If you want to understand more of the problem statement, motivation and earlier work, please reference the previous HackMD above.
# Key Learnings
Our previous benchmarking results showed that while parallelization of folding instances for step circuits of single BLS aggregate signature verifications yielded promising performance, we would still need 1-2 orders of magnitude improvement in order to achieve our practicality goal of $(Proof Time)/(Consensus Time)\le1$.

This barrier to practicality is largely driven by the size of the statement being folded; i.e. the complexity of generating a proof of a BLS aggregate signature over the BLS12-381 curve in R1CS embedded in 255-bit curves. Therefore there are two paths for possible optimizations: optimizing the constraint based arithmetization of signature verification and folding schemes (via custom gates, field reductions, constraint systems and folding schemes, all of which are heavily manual work over large codebases), or investigate other proving systems which look to sidestep the most costly aspect of these proofs; the non-native field and curve operations.
The first option will always be an uphill battle as it requires emulation of non-native field and curve operations in a much smaller field (which is a lot like doing math with really big numbers on a narrow sheet of paper).

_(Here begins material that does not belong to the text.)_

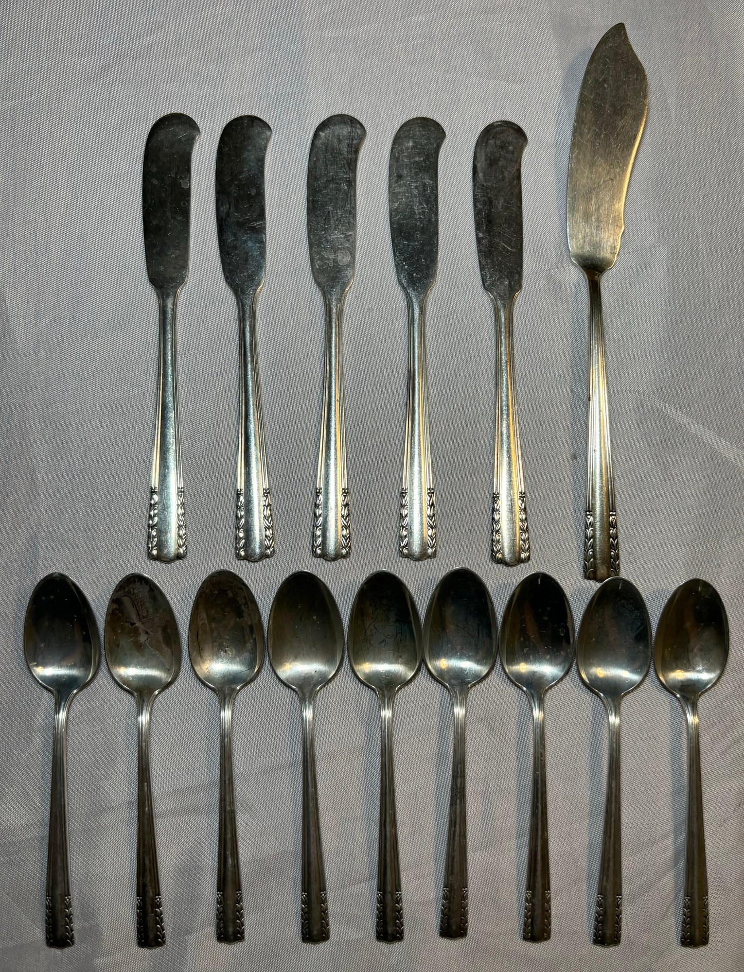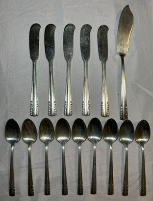 R8 Chapel Bells Sterling Nine Small Spoons, Five Cheese Knifes, And One Butter Knife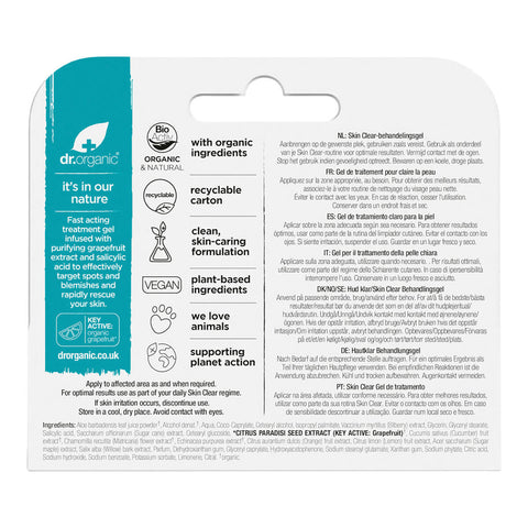 Learn moreDr. Organic Skin Clear Treatment Gel is a 5-in-1 skin treatment formulated to target spots, blemishes, and breakouts. Ideal for those with acne, problem skin, or occasional blemishes, it is rich in natural AHAs and salicylic acid to promote skin regeneration. Apply this gel to help leave the skin looking clearer, calmer, and revitalised.

The second option introduces the concept of signature scheme specific proof systems over the native curve as a prover-efficient pre-computation proof that can be efficiently folded and compressed for onchain use. While these proofs cannot be directly verified onchain (as BN254 is the most commonly supported curve for SNARKs onchain), it can reduce the amount non-native field and curve operations required prove the validity of a set of signatures.

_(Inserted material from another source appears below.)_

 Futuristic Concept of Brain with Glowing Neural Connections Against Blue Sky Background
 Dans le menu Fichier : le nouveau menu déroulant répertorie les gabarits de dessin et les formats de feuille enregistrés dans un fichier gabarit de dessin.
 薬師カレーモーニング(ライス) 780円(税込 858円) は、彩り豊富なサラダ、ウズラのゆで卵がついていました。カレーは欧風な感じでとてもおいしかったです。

# BLS Signatures as Inner Products
So let's see if we can cheat a bit.
Recall BLS signature verification is the two pairing check
$$e(pk, H(m)) = e(g_{1}, \sigma)$$
over the bilinear map
$$e: \mathbb{G}_{1} \times \mathbb{G}_{2} \to \mathbb{G}_{T}$$
where the signature scheme is defined over the elliptic curve as group elements
$$g_{1} \in \mathbb{G}_{1}, pk \in \mathbb{G}_{1}, H(m) \in \mathbb{G}_{2}, \sigma \in \mathbb{G}_{2}$$
---
Verifying a list signatures
$$
pk_{1} \times H(m_1) = g_{1} \times \sigma_{1}
$$ $$ pk_{2} \times H(m_2) = g_{1} \times \sigma_{2}
$$ $$ pk_{3} \times H(m_3) = g_{1} \times \sigma_{3}
$$ $$ \vdots
$$ $$ pk_{n} \times H(m_n) = g_{1} \times \sigma_{n}$$
begins to look a bit like inner products over vectors of group elements
$$
\begin{bmatrix} pk_1 \\ pk_2 \\ pk_3 \\ \vdots \\ pk_n \end{bmatrix} \cdot \begin{bmatrix} H(m_1) \\ H(m_2) \\ H(m_3) \\ \vdots \\ H(m_n) \end{bmatrix} = \begin{bmatrix} g_1 \\ g_1 \\ g_1 \\ \vdots \\ g_1 \end{bmatrix} \cdot \begin{bmatrix} \sigma_{1} \\ \sigma_{2} \\ \sigma_{3} \\ \vdots \\ \sigma_{n} \end{bmatrix}$$
And if all of the messages being signed on are the same, we can aggregate the signature to a single element (via point addition)

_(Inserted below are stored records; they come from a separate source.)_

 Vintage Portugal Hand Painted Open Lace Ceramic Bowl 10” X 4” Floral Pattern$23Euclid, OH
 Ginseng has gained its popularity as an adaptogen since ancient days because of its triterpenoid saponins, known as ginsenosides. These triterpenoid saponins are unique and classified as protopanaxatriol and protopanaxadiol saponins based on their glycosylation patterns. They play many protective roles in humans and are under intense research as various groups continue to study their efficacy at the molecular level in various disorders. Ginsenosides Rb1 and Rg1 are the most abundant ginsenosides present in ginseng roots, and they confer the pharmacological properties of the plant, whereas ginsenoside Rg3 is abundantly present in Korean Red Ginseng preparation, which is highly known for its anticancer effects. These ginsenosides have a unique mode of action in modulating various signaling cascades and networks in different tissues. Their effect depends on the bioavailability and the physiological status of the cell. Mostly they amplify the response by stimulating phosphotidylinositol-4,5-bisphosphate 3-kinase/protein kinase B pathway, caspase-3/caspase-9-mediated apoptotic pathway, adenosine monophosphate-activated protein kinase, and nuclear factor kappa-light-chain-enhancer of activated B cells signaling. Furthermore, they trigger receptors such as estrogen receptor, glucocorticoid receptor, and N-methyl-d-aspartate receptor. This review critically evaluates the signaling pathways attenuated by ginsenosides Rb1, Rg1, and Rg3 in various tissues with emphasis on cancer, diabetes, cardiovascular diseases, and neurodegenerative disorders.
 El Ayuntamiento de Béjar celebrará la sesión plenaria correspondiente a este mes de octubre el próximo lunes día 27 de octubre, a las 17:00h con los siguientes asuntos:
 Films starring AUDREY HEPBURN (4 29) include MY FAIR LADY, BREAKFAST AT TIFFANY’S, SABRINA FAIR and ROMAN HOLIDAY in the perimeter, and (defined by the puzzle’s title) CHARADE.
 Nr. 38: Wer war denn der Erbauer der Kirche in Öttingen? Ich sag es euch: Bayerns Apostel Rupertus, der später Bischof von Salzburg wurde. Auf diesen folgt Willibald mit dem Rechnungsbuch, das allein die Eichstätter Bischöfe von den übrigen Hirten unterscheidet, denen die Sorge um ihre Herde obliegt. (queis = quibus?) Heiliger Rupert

$$\begin{bmatrix} pk_1 \\ pk_2 \\ pk_3 \\ \vdots \\ pk_n \end{bmatrix} \cdot \begin{bmatrix} H(m) \\ H(m) \\ H(m) \\ \vdots \\ H(m) \end{bmatrix}= g_1 \times \sigma_{agg}$$
This equation set (along with checking message correctness and public key aggregation) is what is verified for each committee per slot (64 committees) and for each slot per epoch (32 slots per epoch) to verify finality, totalling 2,048 aggregate signatures or 4,096 pairing checks.
But, we can take this further and move the $e(g_1,\sigma_{agg})$ over to the left to give this constraining equation for valid signatures:
$$\begin{bmatrix} pk_1 \\ pk_2 \\ pk_3 \\ \vdots \\ pk_n \\ g_{1}^{-1}\end{bmatrix} \cdot \begin{bmatrix} H(m) \\ H(m) \\ H(m) \\ \vdots \\ H(m) \\ \sigma_{agg} \end{bmatrix} =1$$
Which is just an inner product argument in a pairing-based language!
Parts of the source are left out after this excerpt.